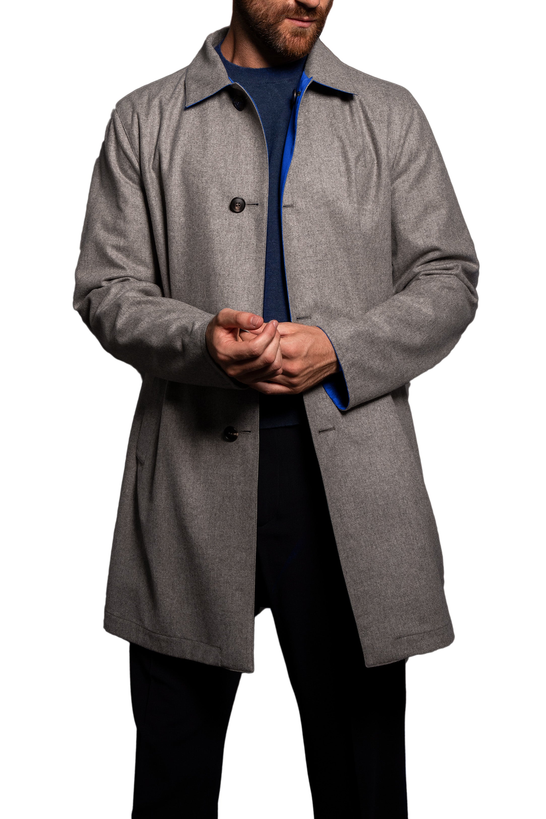 Introducing our signature model, the Lecce coat, a testament to the grandeur of the eponymous city that inspired its creation. This coat stands as a beacon of style and functionality, embodying the essence of our founder, "Mesciu Gigi", and his vision. The Lecce's reversible design offers the versatility of two distinct sides - an exquisite yet durable flannel fabric on one, perfect for everyday wear, and a resilient nylon fabric on the other, providing water-proof features for unpredictable climates. Meticulously crafted with strategic darting, the coat effortlessly molds to the wearer's body, ensuring a tailored fit that exudes sophistication and comfort. A true embodiment of Italian elegance, the Lecce coat pays homage to the city's baroque style and limestone architecture, capturing the spirit of communion where history and tradition converge.
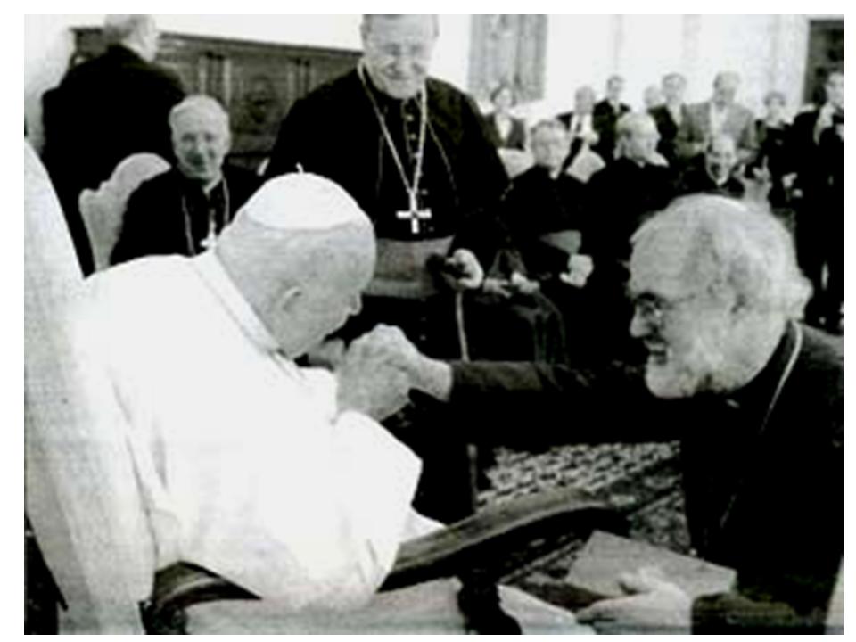 Left to right:   (1) Non-Catholic apostate Karol Wojtyla (a.k.a. "john paul 2") working for the damnation of the "anglican" heretics by greeting their "leader" Rowan Williams with approval,  (2) Working for the damnation of un-baptized pagans who call themselves jews,  (3) Again working for the damnation of the jews at their satantic "wailing wall" -- Wojtyla demonically making an advertisement that the Old Testament foreshadowing of the Catholic Church is not over,  (4) Kissing the "koran" working for the eternal damnation of the pictured mohammedan.
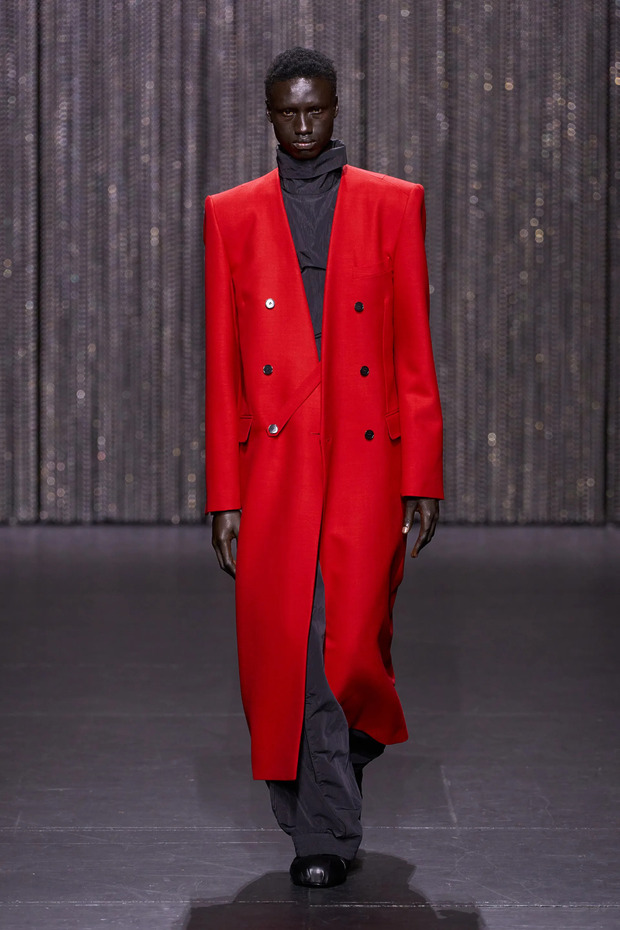 강렬한 한 방을 원한다면, 빨간 코트가 정답입니다. 태생부터 화려한 색깔이지만, 검정이나 회색을 적절히 섞어준다면 존재감을 중화할 수 있죠. 알랭 폴의 룩이 완벽한 예입니다. 톰 포드가 선보인 것과 비슷한, 버건디 색상의 코트는 출근용으로도 적합합니다.

++++++++++++++++++++

# Exercise aim:
Could you repeat all of the material exactly? Pictures should not be copied.

# Output for this task:
 Introducing our signature model, the Lecce coat, a testament to the grandeur of the eponymous city that inspired its creation. This coat stands as a beacon of style and functionality, embodying the essence of our founder, "Mesciu Gigi", and his vision. The Lecce's reversible design offers the versatility of two distinct sides - an exquisite yet durable flannel fabric on one, perfect for everyday wear, and a resilient nylon fabric on the other, providing water-proof features for unpredictable climates. Meticulously crafted with strategic darting, the coat effortlessly molds to the wearer's body, ensuring a tailored fit that exudes sophistication and comfort. A true embodiment of Italian elegance, the Lecce coat pays homage to the city's baroque style and limestone architecture, capturing the spirit of communion where history and tradition converge.
 Left to right:   (1) Non-Catholic apostate Karol Wojtyla (a.k.a. "john paul 2") working for the damnation of the "anglican" heretics by greeting their "leader" Rowan Williams with approval,  (2) Working for the damnation of un-baptized pagans who call themselves jews,  (3) Again working for the damnation of the jews at their satantic "wailing wall" -- Wojtyla demonically making an advertisement that the Old Testament foreshadowing of the Catholic Church is not over,  (4) Kissing the "koran" working for the eternal damnation of the pictured mohammedan.
 강렬한 한 방을 원한다면, 빨간 코트가 정답입니다. 태생부터 화려한 색깔이지만, 검정이나 회색을 적절히 섞어준다면 존재감을 중화할 수 있죠. 알랭 폴의 룩이 완벽한 예입니다. 톰 포드가 선보인 것과 비슷한, 버건디 색상의 코트는 출근용으로도 적합합니다.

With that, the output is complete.